# Dumb question



## AlanSr (Jan 4, 2008)

I had a question and no one I know has an answer to it.....

But what is in the trunk that takes up half the normal space. It feels like a steel plate behind the carpet.

I was told by the dealer that it was the gas tank but that doesn't seem very wise to put it there.


----------



## NJG8GT (Nov 14, 2007)

AlanSr said:


> I had a question and no one I know has an answer to it.....
> 
> But what is in the trunk that takes up half the normal space. It feels like a steel plate behind the carpet.
> 
> I was told by the dealer that it was the gas tank but that doesn't seem very wise to put it there.

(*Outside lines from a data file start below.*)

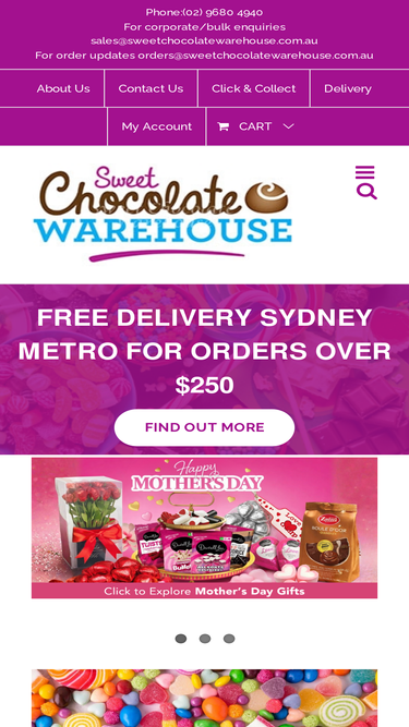 92%Delivery Purchasing & Delivery Methods Sweet Chocolate Warehouse aims to make shopping easier and convenient. Please view our Terms and Conditions page which also outlines our Privacy Policy. To talk directly with our customer service team, please call 02 9680 4940 during our retail trading hours. Alternatively, email us at sales@sweetchocolatewarehouse.com.au or contact us
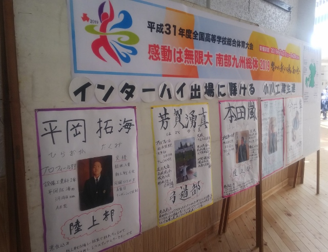 【生徒会】北辰祭で南部九州総体のPR活動を行いました! 投稿日時 : 2018/12/17 職員 次年度、南部九州地区で行われる全国高校総体の広報活動を兼ねて、本校からインターハイを目指す生徒の紹介を行いました。小川から全国への扉を開いてほしいと思います。応援よろしくお願いします。
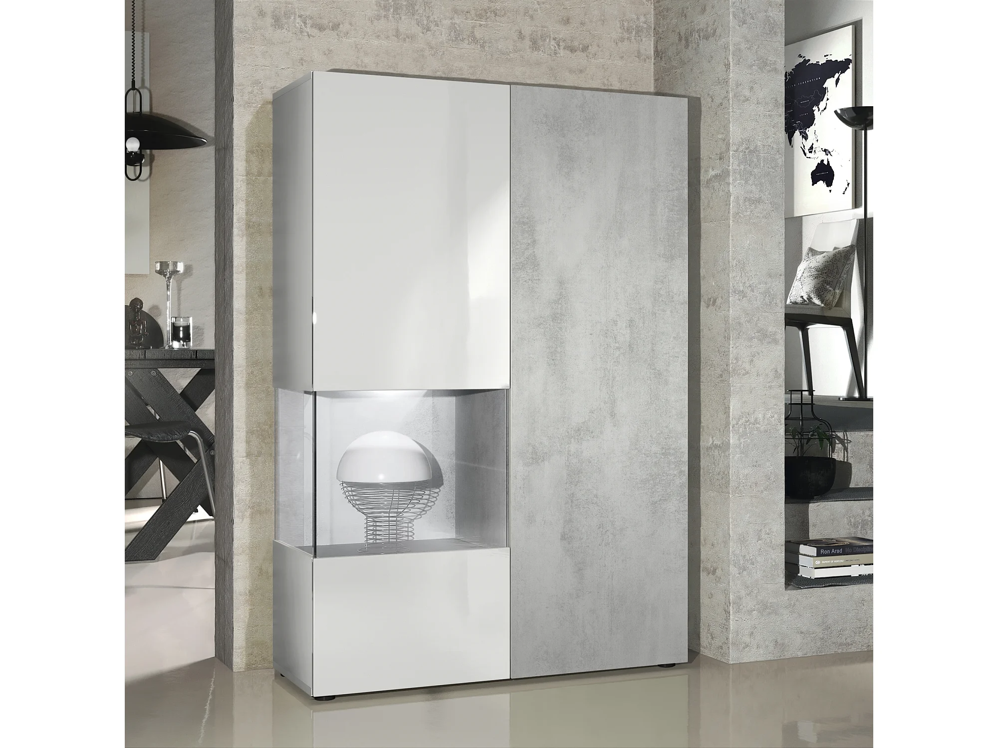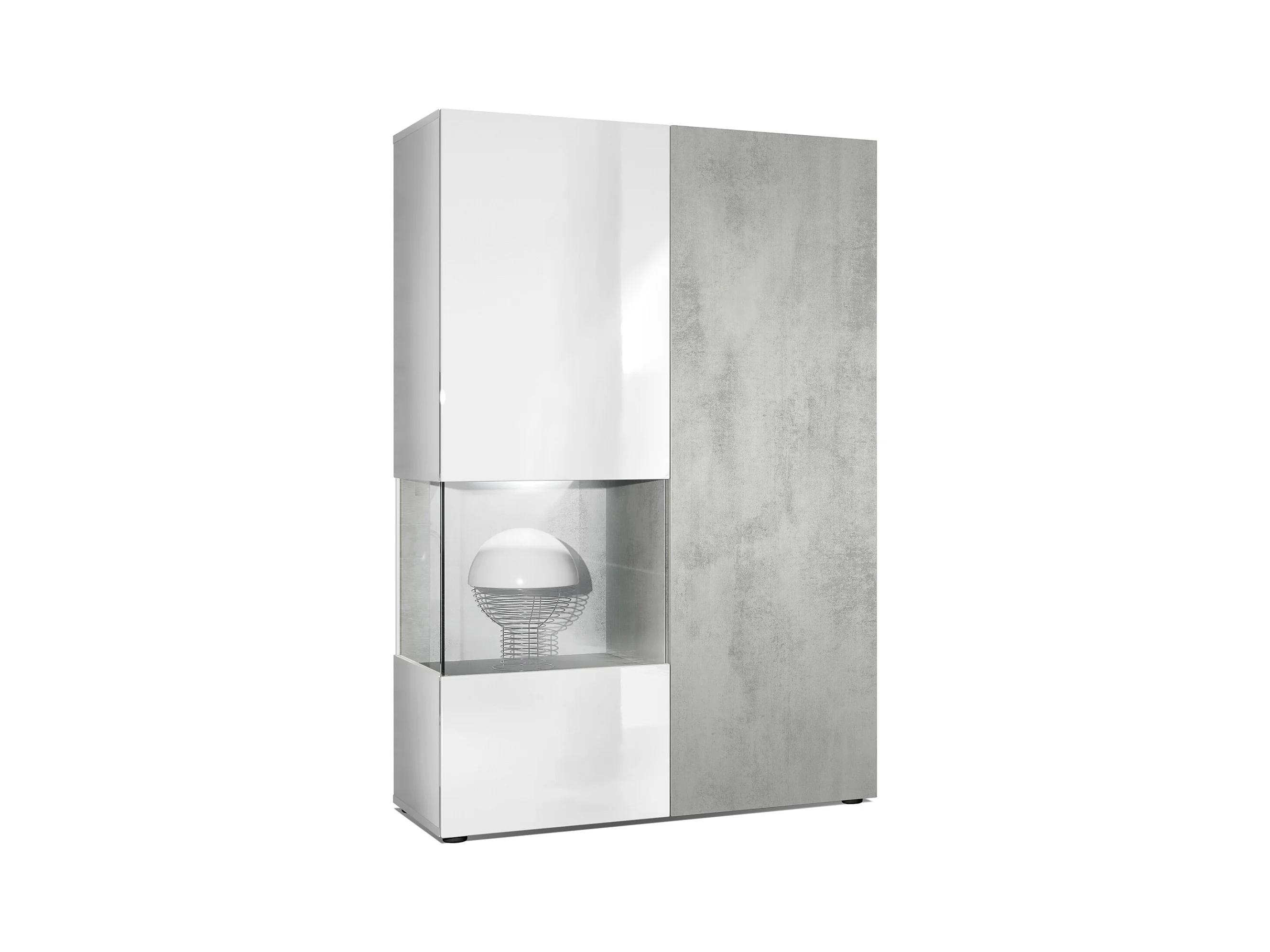 Vitrine Armoire Morena, Corps en Blanc mat / Porte droite et insert en Aspect Béton Oxyde avec éclairage LED
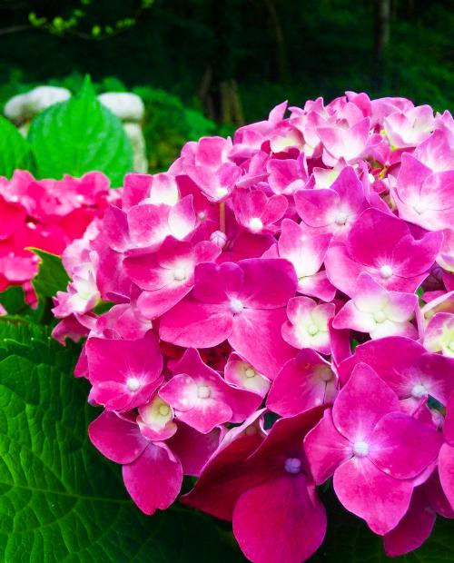 Гортензия Мармеладка (Marmalade) представляет собой разновидность крупнолистной гортензии, известной своими яркими цветами и декоративностью. Она формирует пышный кустарник высотой примерно 150 см с таким же диаметром кроны. Куст обладает веерообразной формой, украшенной яйцевидными листьями светлого зеленого оттенка, которые служат прекрасным фоном для эффектных цветов. Цветочные шапки гортензии Мармеладки имеют округлую форму диаметром от 20 до 25 см. Цветки обладают насыщенно малиновым оттенком, создавая яркий акцент среди зеленых листьев. Соцветия отличаются плотной структурой, состоящей из плоских махровых лепестков. Приятный аромат дополняет общую привлекательность растения.
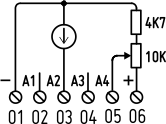 La source de courant est ici connectée à l’entrée analogique A2 (borne 03) par rapport à la borne négative (01).
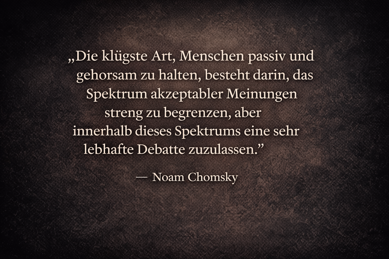 „Die klügste Art, Menschen passiv und gehorsam zu halten, besteht darin, das Spektrum akzeptabler Meinungen streng zu begrenzen, aber innerhalb dieses Spektrums eine sehr lebhafte Debatte zuzulassen.“

I belive they r correct. Someone posted that on another thread about trunk space.


----------



## macgto7004 (Jul 22, 2007)

AlanSr said:


> I had a question and no one I know has an answer to it.....
> 
> But what is in the trunk that takes up half the normal space. It feels like a steel plate behind the carpet.
> 
> I was told by the dealer that it was the gas tank but that doesn't seem very wise to put it there.


Hi alan,
Yes, you are correct. 
When the Monaro was converted for the North American market, gov't regulations required relocation of the fuel tank for crashworthiness.
The tank on the Monaro is beneath the trunk floor, which would not pass US regulations.
The tank was relocated atop the rear axle hump. This is actually a quite safe location.
If you were to pull the carpet back, what you would find is an 18.5 fuel tank, surrounded by a steel safety cage. This places the tank well ahead of the rear bumper, and well ahead of the rear crumple zone. Also, being essentially between the rear wheel, it offers superior protection against damage from side impact collisions vs. an under floor tank.
Obviously, the position of the tank is what precipitates the smallish GTO trunk. Surprisingly, the GTO trunk, although small, is slightly larger than the trunk in the 2008 Nissan Altima.

Russ


----------



## NJG8GT (Nov 14, 2007)

I mean for the style of car, the trunk space is pretty generous i think. I bought a cargo mat to match my floor mats I purchased. I have no idea why I did that cuz i dont put nothing back there until I go to Advance Auto or Napa to get my Meguiars car wash, wax, tire hot shine, micro fiber towels, shop towels oil filters for wifes tahoe etc.


----------



## AlanSr (Jan 4, 2008)

Thanks,
I was just wondering....
I didn't but the car for the trunk space anyway

I'm getting ready to get some pix so I can post them with my new tail lights


----------